### WHAT YOU SHOULD DO
Reproduce precisely the lines of the material below from the line containing "Главное преимущество модели" up to and including its last line. Pictures must not be copied.

### DATA
- Opening Delimiter -

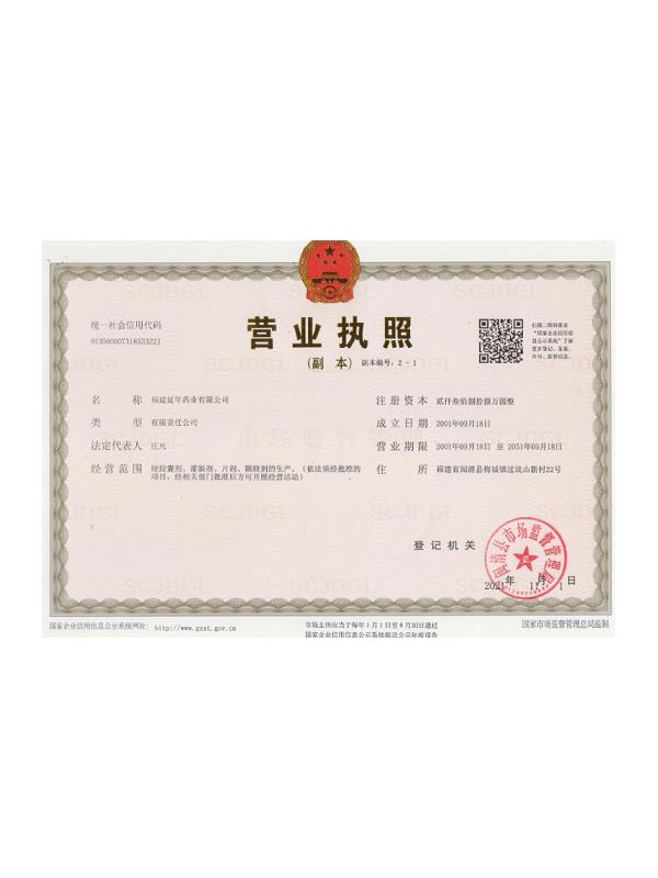 福建延年藥業(yè)有限公司位于福州市閩清縣城關(guān),工廠坐落在風(fēng)景秀美的梅城森林公園山腳下,公司前身是中國(guó)人民解放軍第9747工廠,創(chuàng)辦于1970年9月,隸屬南京軍區(qū)總后勤部,企業(yè)的地方名稱(chēng)為福建閩清制藥廠。1998年6月為貫徹中央關(guān)于軍隊(duì)不再?gòu)氖陆?jīng)商活動(dòng)的決議,企業(yè)軍轉(zhuǎn)地改制移交地方,2001年9月企業(yè)改制,更名為福建延年藥業(yè)有限公司。
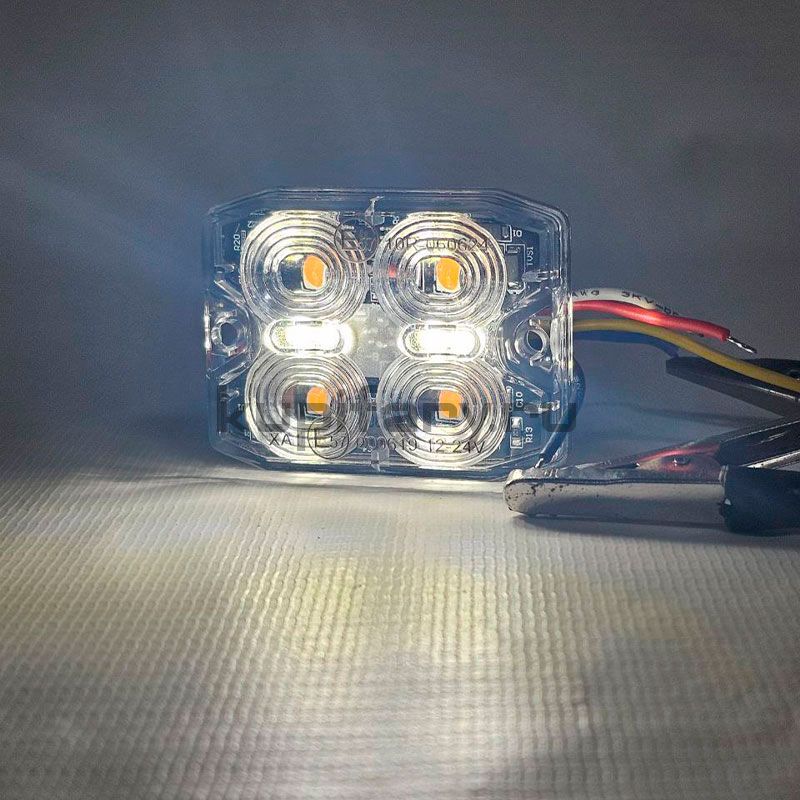 Главное преимущество модели — комбинированный свет: оранжевый стробоскоп + белая подсветка габарита. В обычном режиме светильник работает как аккуратный габаритный огонь, а при необходимости одним переключением активируется сигнальный строб. Это удобно, практично и экономит место на установке: вместо двух приборов — один.
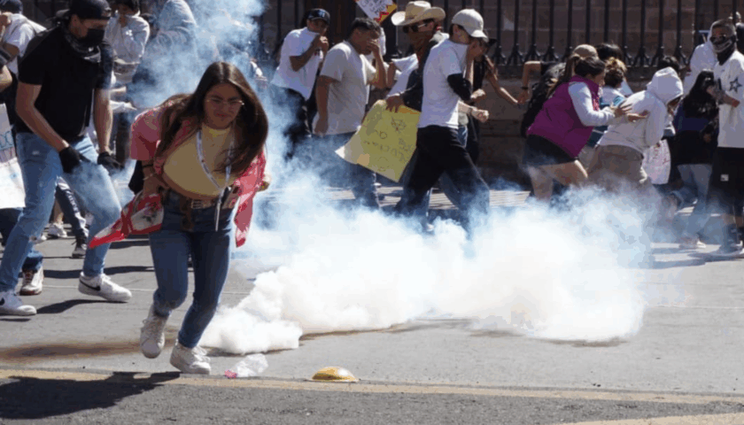 La protesta se realizaba en el Centro Histórico de la capital michoacana, cuando encapuchados se enfrentaron con policías de la entidad, quienes intentaron dispersar a los manifestantes lanzando gases lacrimógenos.

- Closing Delimiter -

### REPLY TO THE EXERCISE
 Главное преимущество модели — комбинированный свет: оранжевый стробоскоп + белая подсветка габарита. В обычном режиме светильник работает как аккуратный габаритный огонь, а при необходимости одним переключением активируется сигнальный строб. Это удобно, практично и экономит место на установке: вместо двух приборов — один.
 La protesta se realizaba en el Centro Histórico de la capital michoacana, cuando encapuchados se enfrentaron con policías de la entidad, quienes intentaron dispersar a los manifestantes lanzando gases lacrimógenos.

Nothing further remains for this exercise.